Below are records with pictures. Reproduce exactly the lines from the line with "今日の献立は焼きそば、麦ごはん、小松菜と厚揚げの味噌汁です。" to the line with "И ещё, в районе", inclusive, and leave each picture out.

Task data:
»»

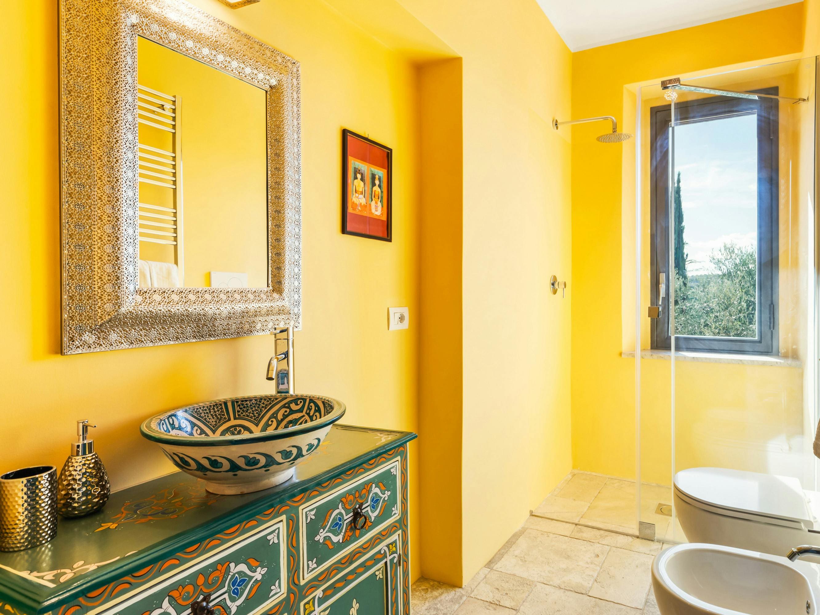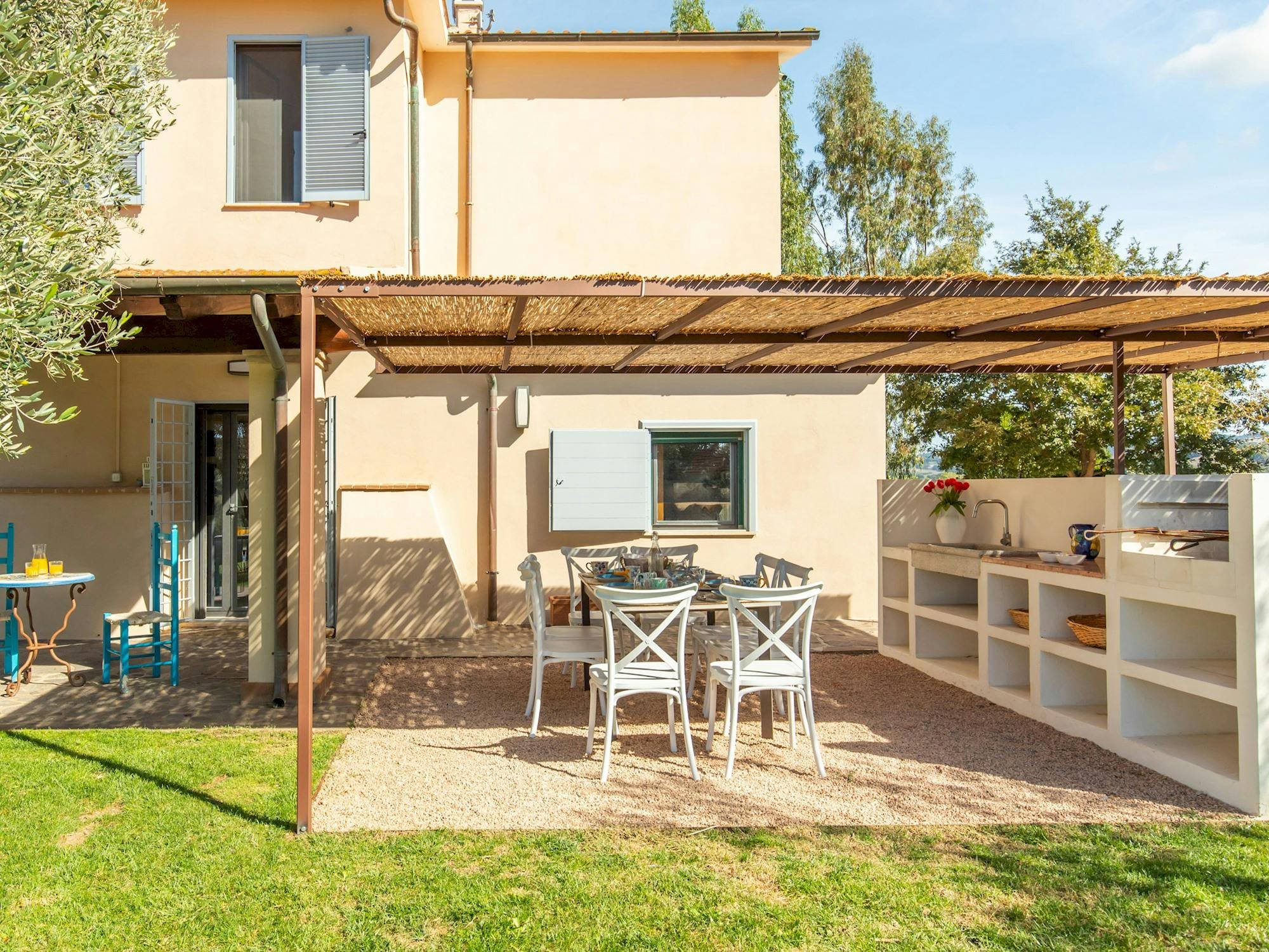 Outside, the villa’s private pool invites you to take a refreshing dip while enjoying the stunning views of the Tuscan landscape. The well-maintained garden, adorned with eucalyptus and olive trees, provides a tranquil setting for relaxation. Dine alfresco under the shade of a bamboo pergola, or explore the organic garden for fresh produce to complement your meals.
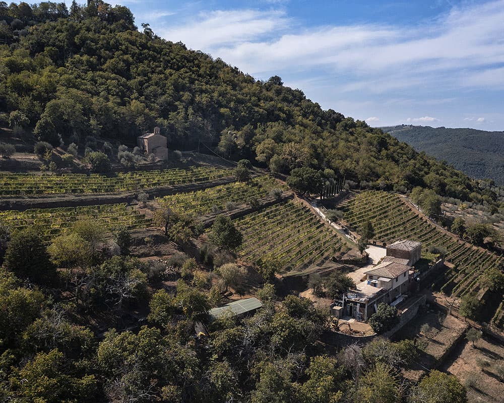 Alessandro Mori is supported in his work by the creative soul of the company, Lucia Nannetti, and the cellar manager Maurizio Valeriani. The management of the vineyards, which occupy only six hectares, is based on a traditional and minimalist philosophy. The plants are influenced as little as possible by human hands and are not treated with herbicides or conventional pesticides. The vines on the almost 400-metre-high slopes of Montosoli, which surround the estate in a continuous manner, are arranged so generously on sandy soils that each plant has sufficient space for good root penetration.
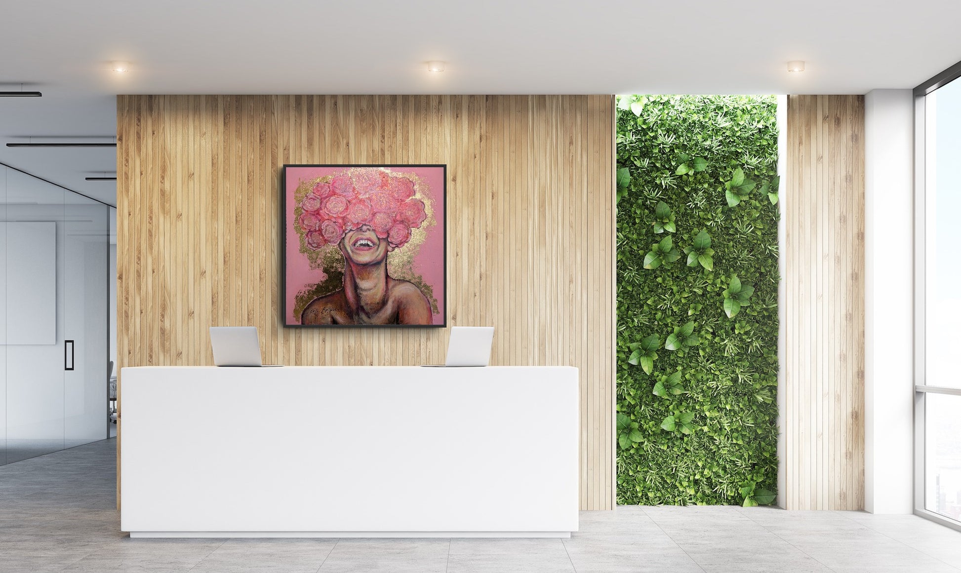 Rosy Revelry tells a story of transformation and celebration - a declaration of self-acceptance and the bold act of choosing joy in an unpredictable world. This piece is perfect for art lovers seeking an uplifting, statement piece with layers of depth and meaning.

««
»»

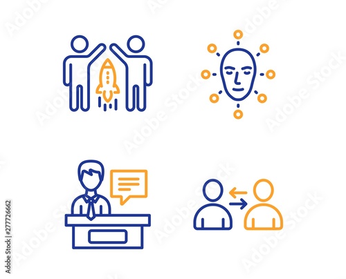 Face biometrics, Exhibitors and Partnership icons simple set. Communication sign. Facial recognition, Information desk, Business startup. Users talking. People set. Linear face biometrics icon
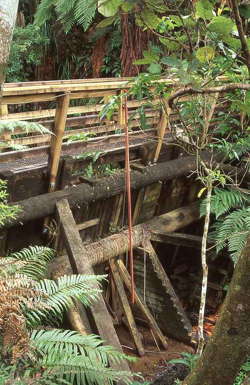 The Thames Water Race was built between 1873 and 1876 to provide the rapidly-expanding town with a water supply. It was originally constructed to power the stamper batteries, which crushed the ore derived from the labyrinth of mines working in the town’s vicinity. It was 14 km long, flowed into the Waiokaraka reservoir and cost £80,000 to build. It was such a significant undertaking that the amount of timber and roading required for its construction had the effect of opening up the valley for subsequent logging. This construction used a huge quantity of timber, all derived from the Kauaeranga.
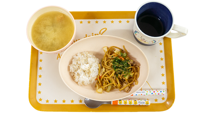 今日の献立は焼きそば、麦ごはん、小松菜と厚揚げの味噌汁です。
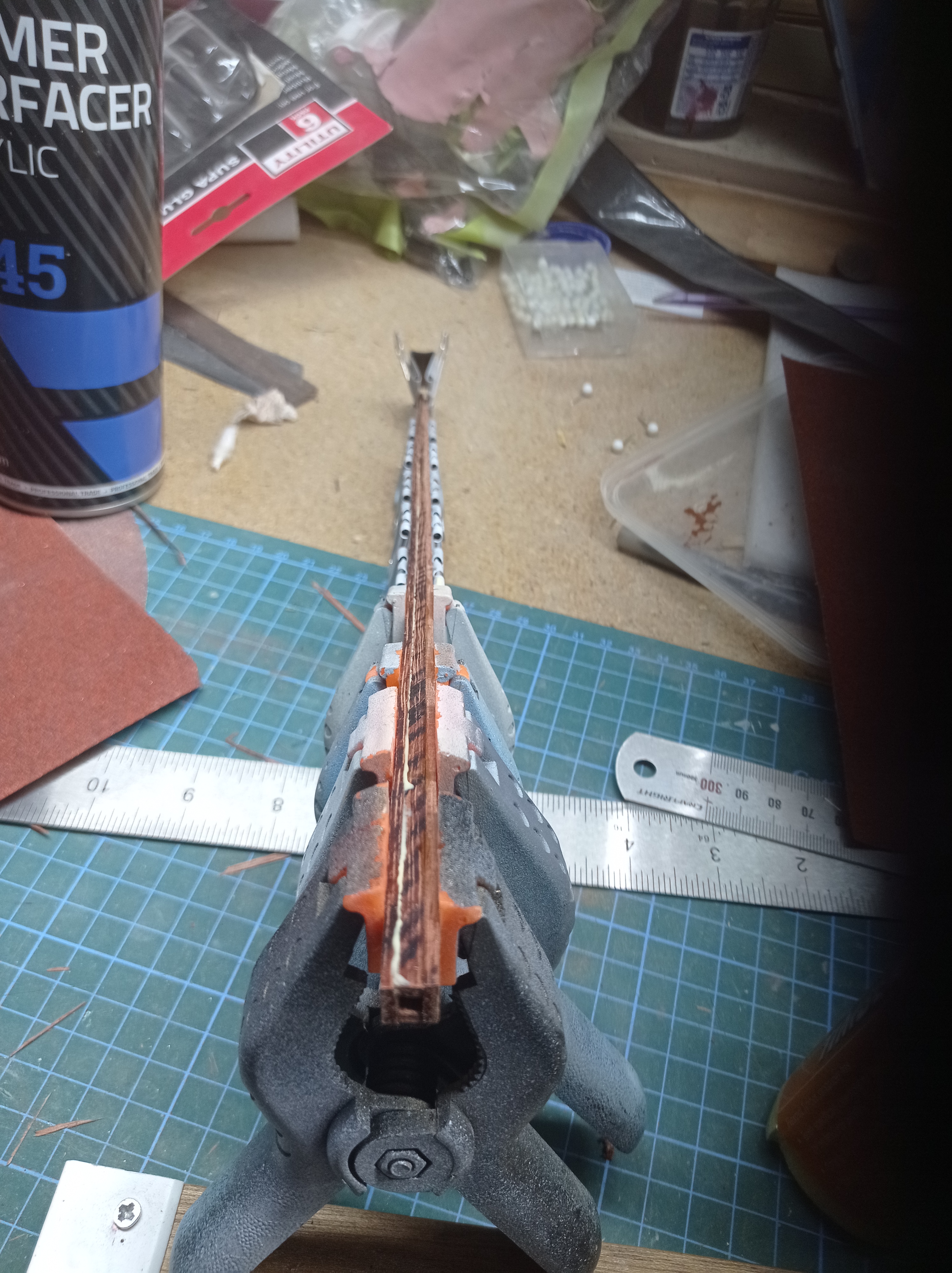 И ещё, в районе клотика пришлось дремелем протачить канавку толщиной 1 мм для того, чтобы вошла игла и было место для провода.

««

Your response:
 今日の献立は焼きそば、麦ごはん、小松菜と厚揚げの味噌汁です。
 И ещё, в районе клотика пришлось дремелем протачить канавку толщиной 1 мм для того, чтобы вошла игла и было место для провода.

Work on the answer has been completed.